Earl Agnoly

Medal record

Representing Panama

Men's Baseball

Baseball World Cup

= Earl Agnoly =

Panamanian baseball player (born 1975)

Earl Rene Agnoly Thompson (born November 18, 1975, in Colón, Panama) is a former professional baseball player. He played professionally for six years in the Florida Marlins organization and in independent baseball. As a member of the Panama national baseball team, he was on Panama's roster in the 2006 World Baseball Classic and 2009 World Baseball Classic.

He played in the Dominican Summer League in 1993 and 1994, hitting .321 in 1993 and .336 in 1994. With the GCL Marlins in 1995, he hit .272 in 55 games. In 1996 and 1997, he played for the Kane County Cougars, hitting .246 in the former year and only .210 in the latter year.

In the 1998 Baseball World Cup qualifier, he hit .500, and in the actual World Baseball Cup he hit .448. He had 12 RBI in the 1998 Central American and Caribbean Games.

Although he hit only .206 in the 2001 Baseball World Cup, he hit .370 in the 2002 Intercontinental Cup. In April, 2003, it was found out that he had been doping, and he was subsequently banned from international competition for two years.

He returned to professional baseball in 2003, appearing in 13 games for the Calgary Outlaws of the Canadian Baseball League and hitting .300 with three stolen bases.

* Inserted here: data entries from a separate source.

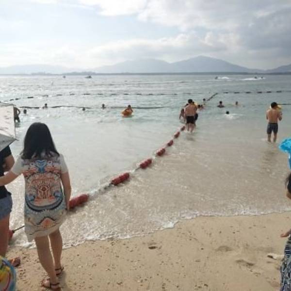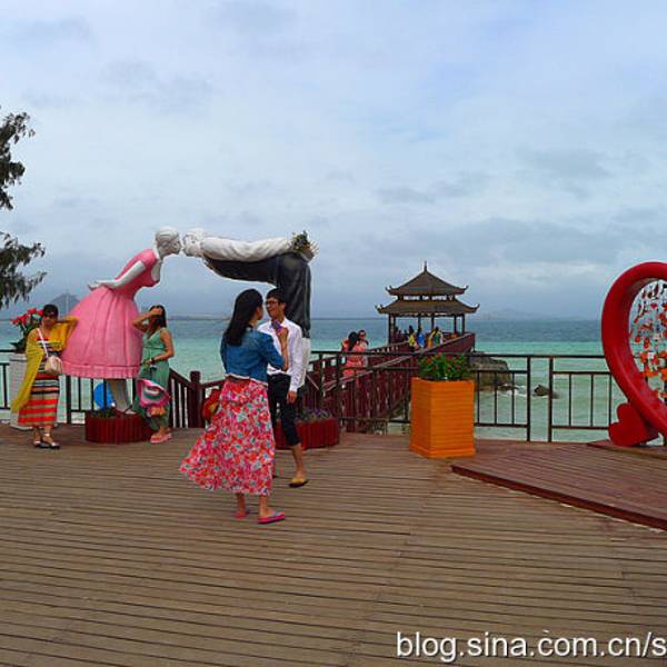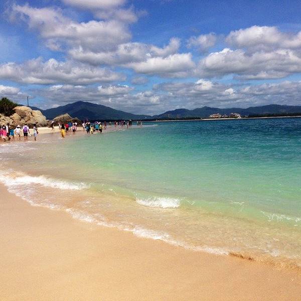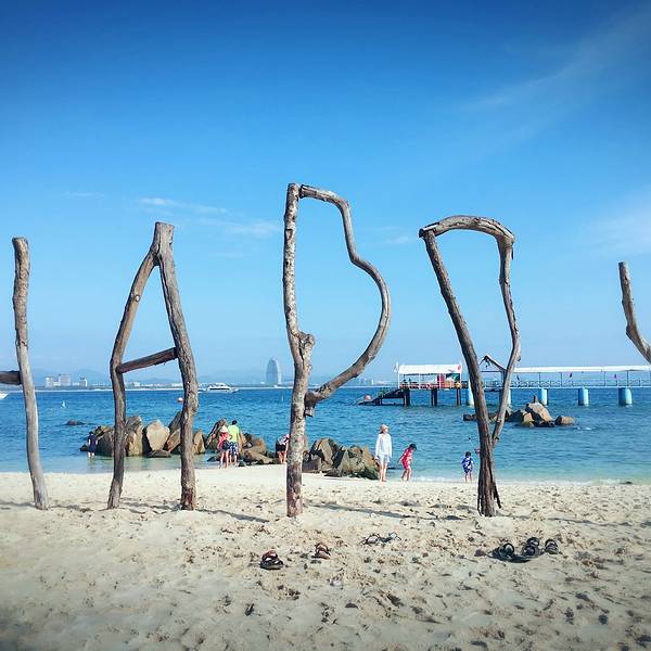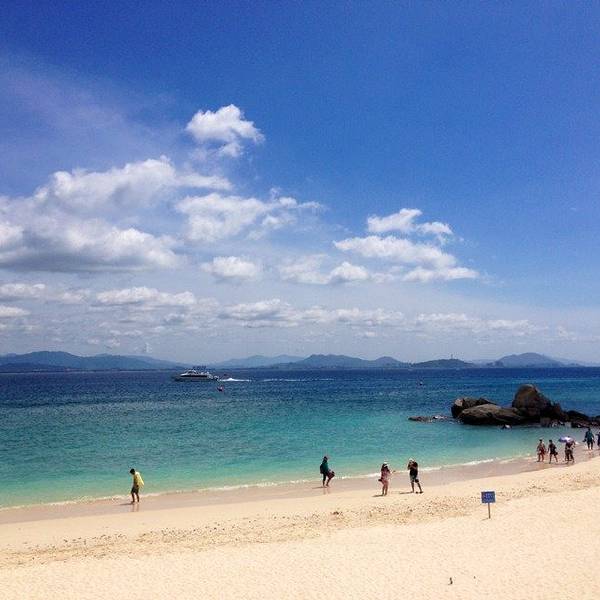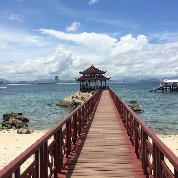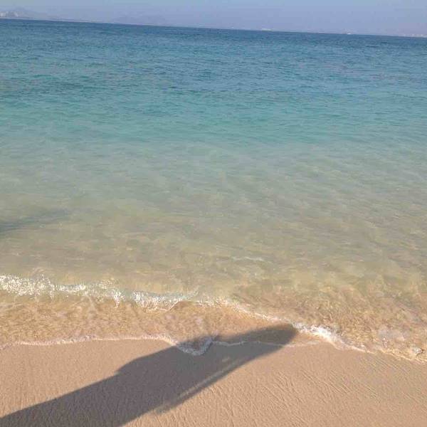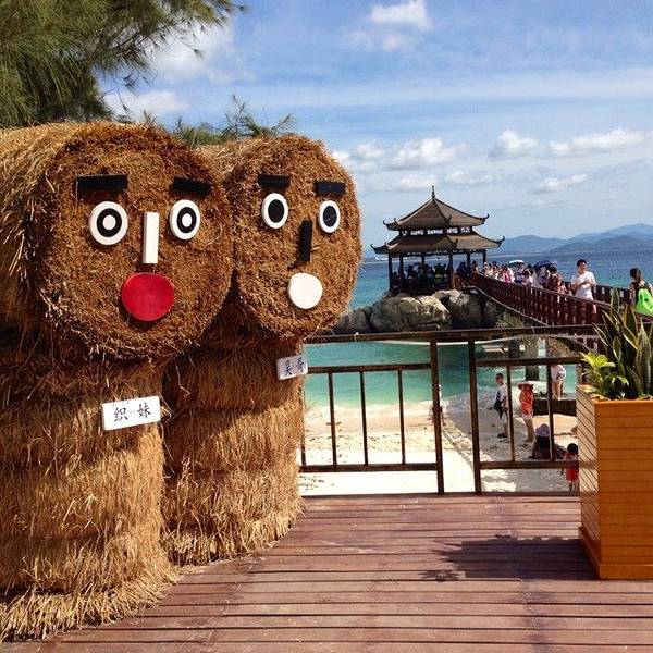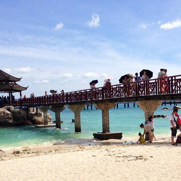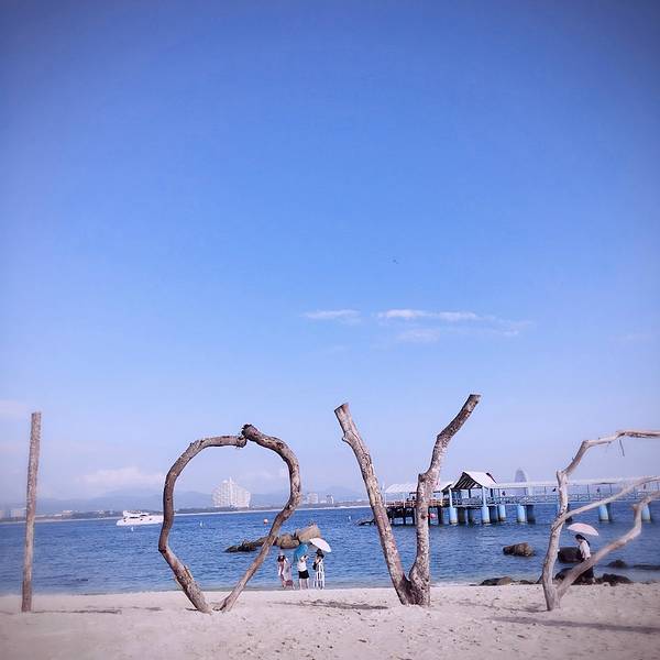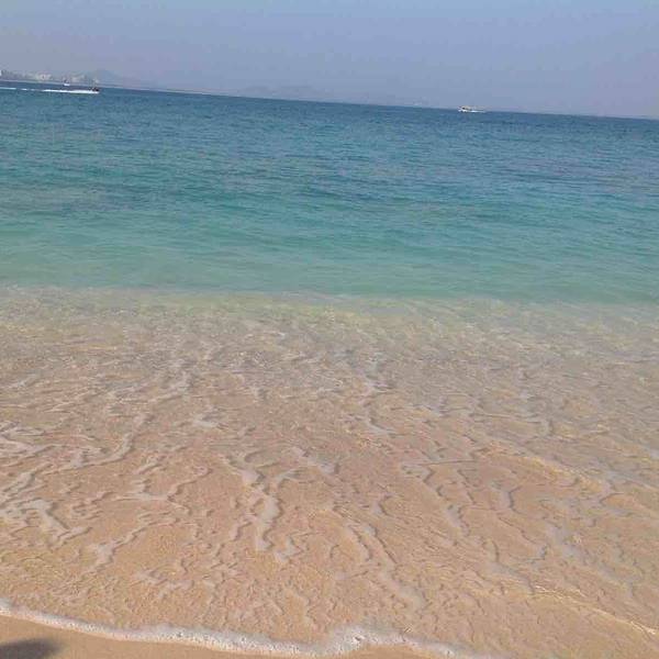 中午办理退房手续后,可以在酒店免费寄存行李,下午继续玩。这时阳光正好,登岛的游客也很多了,十分热闹。海水颜色层次变丰富了,手机随手一拍就是明信片(下面的美图都是手机拍的哦,原片)。美中不足就是太晒,坐在情人桥的亭子里吹海风,吃零食补充体力,就不想走了。岛上水上活动丰富,就是比其他景点贵。下图的地面冲浪,10分钟150元,玩的人很刺激很清凉,看的人很酸爽。我们在岛上并没有玩水上项目。听同一辆电瓶车上的东北大姐说,买了最贵的潜水,也没潜下去看到啥,挺浪费的。潜水还真是因个人条件而异吧。我在其他地方潜过水,潜不下去,就浮潜还行,所以就不在岛上花这冤枉钱了。
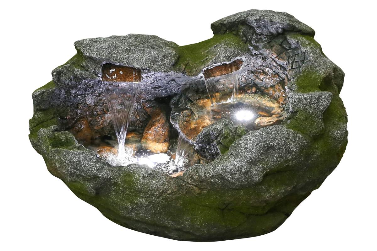 Introducing the Rock Garden Fountain with Polyresin Finish and Lights - a captivating centerpiece that effortlessly enhances the charm of your outdoor space. Immerse yourself in the soothing melody of cascading water and the enchanting glow of integrated lights with this exquisite fountain.
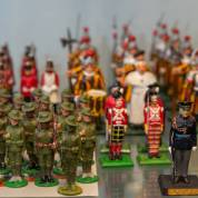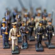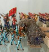 Diverse beschilderde tinnen soldaatjes, waaronder: Zwitserse garde, Pruisische grenadiers, en de generaals Lee en Grant
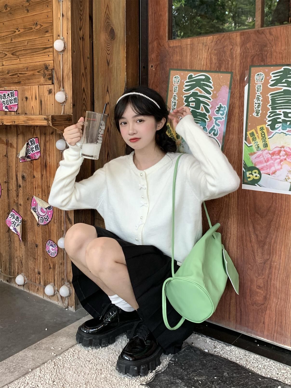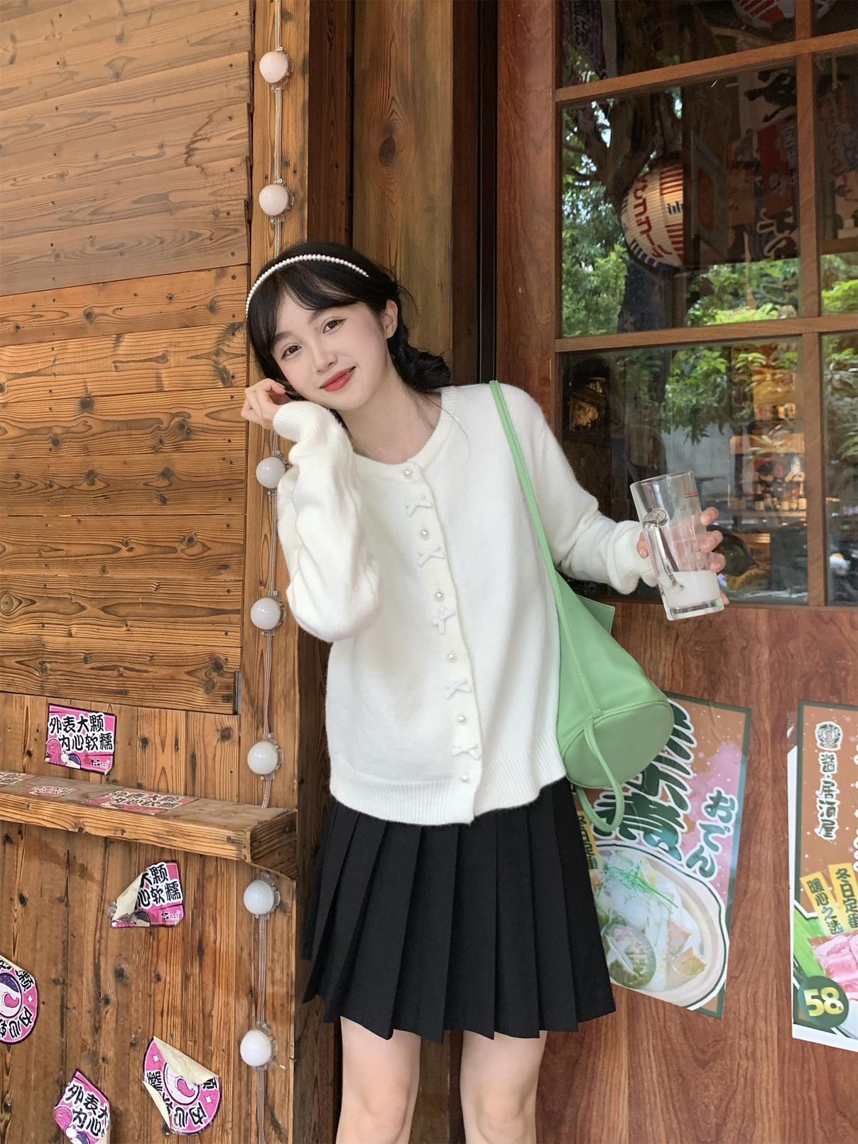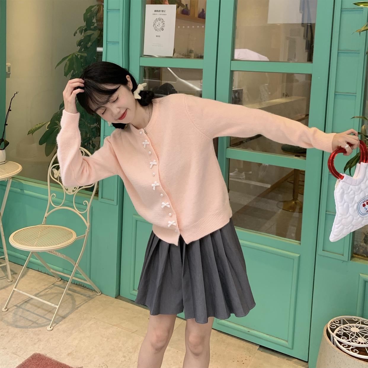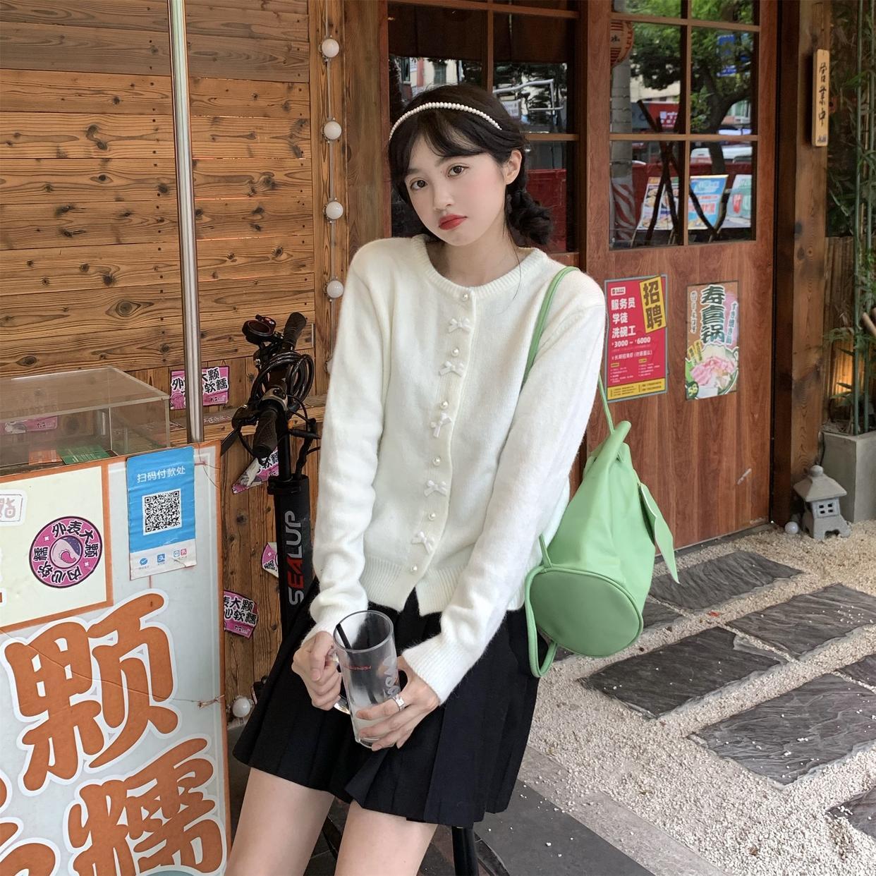 パールボタンとリボンの飾りがかわいいニットカーディガン
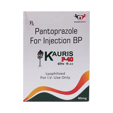 Kauris P 40 Injection is also used to prevent stress ulcers in seriously ill patients and is administered before anesthetic medication to help prevent aspiration-related complications. It belongs to a class of medicines known as proton pump inhibitors (PPIs). This medicine is administered into a vein by a healthcare professional and will only be given to you if your doctor thinks that an injection is more suitable for you at the moment than a tablet. The dose will depend on your underlying condition and how you respond to the medicine. Your doctor will decide the duration of treatment but you should keep on taking it as prescribed, even if your symptoms disappear quickly. You can increase the efficiency of the treatment by eating smaller meals more often and avoiding caffeinated drinks (like tea and coffee), and spicy or fatty foods.
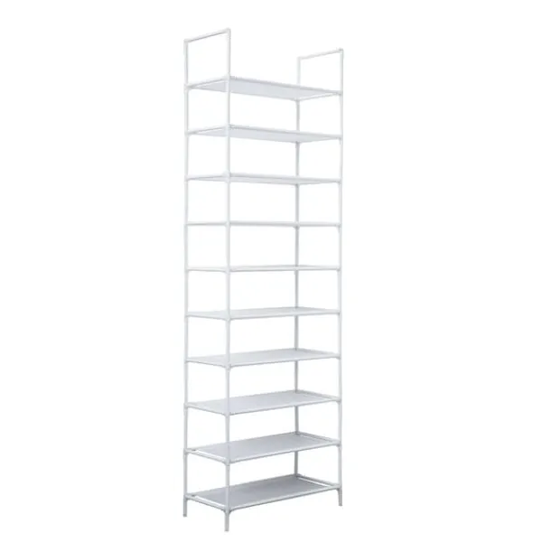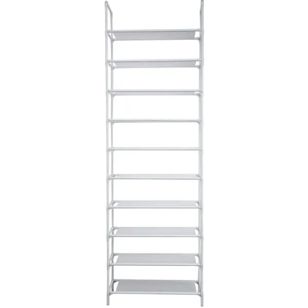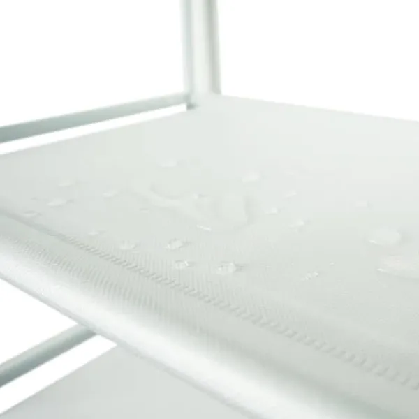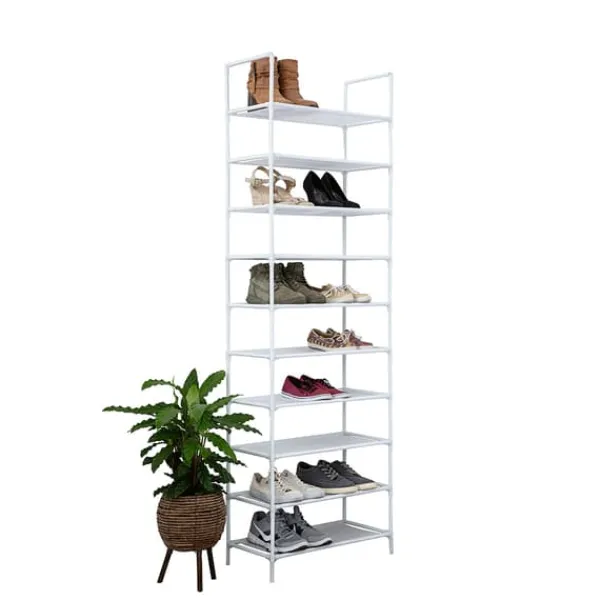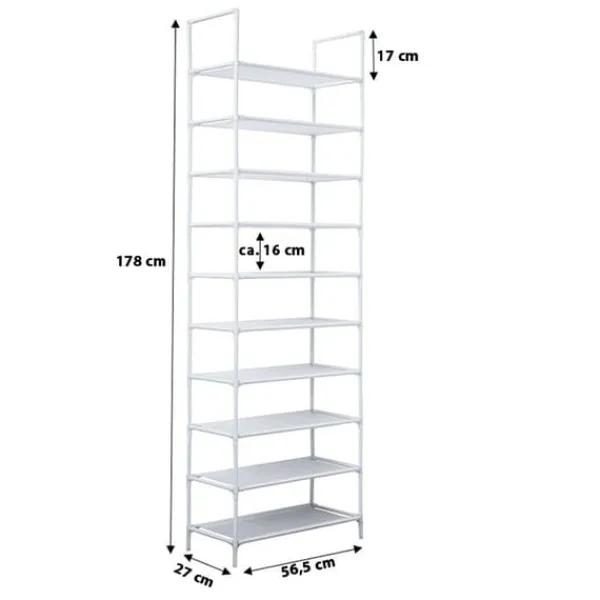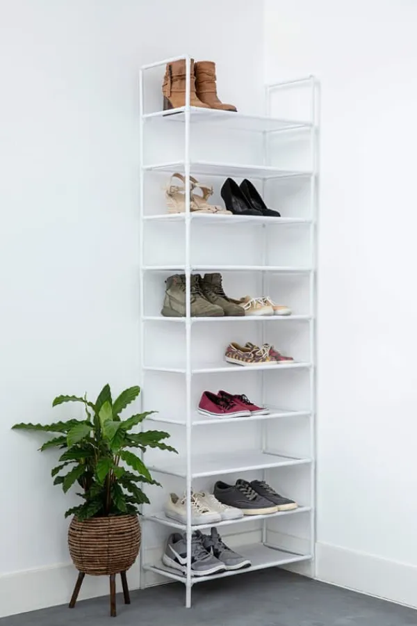 Denne skoreol i hvid metal giver dig et stilfuldt hjem til 20 par sko. Den er robust og høj og ideel til pæn opbevaring af mange sko på et lille område. Membranen på hylderne er vandafvisende og forhindrer vand fra våde sko i at sive ind. Snavs som støv og sand kan også nemt tørres af med en fugtig klud. Plastikbenene forhindrer ridser i gulvet. Skoreolen er hurtig og nem at samle. Reolen er mobil, men for ekstra stabilitet kan den også vægmonteres med de medfølgende rawlplugs.

In the 2005 Baseball World Cup, he hit .324 and scored eight runs. He went 1-for-3 in the 2006 World Baseball Classic. In the 2008 Olympics qualifier (held in 2006), he hit .471 with 11 runs, although his team did not make the cut in the end. He hit .261 in the 2006 Central American and Caribbean Games.

Agnoly hit .231 in the 2007 Pan-American Games, and he hit only .150 in the 2007 Baseball World Cup. In the 2008 Americas Baseball Cup, he hit .273. In one at-bat in the 2009 World Baseball Classic, he struck out.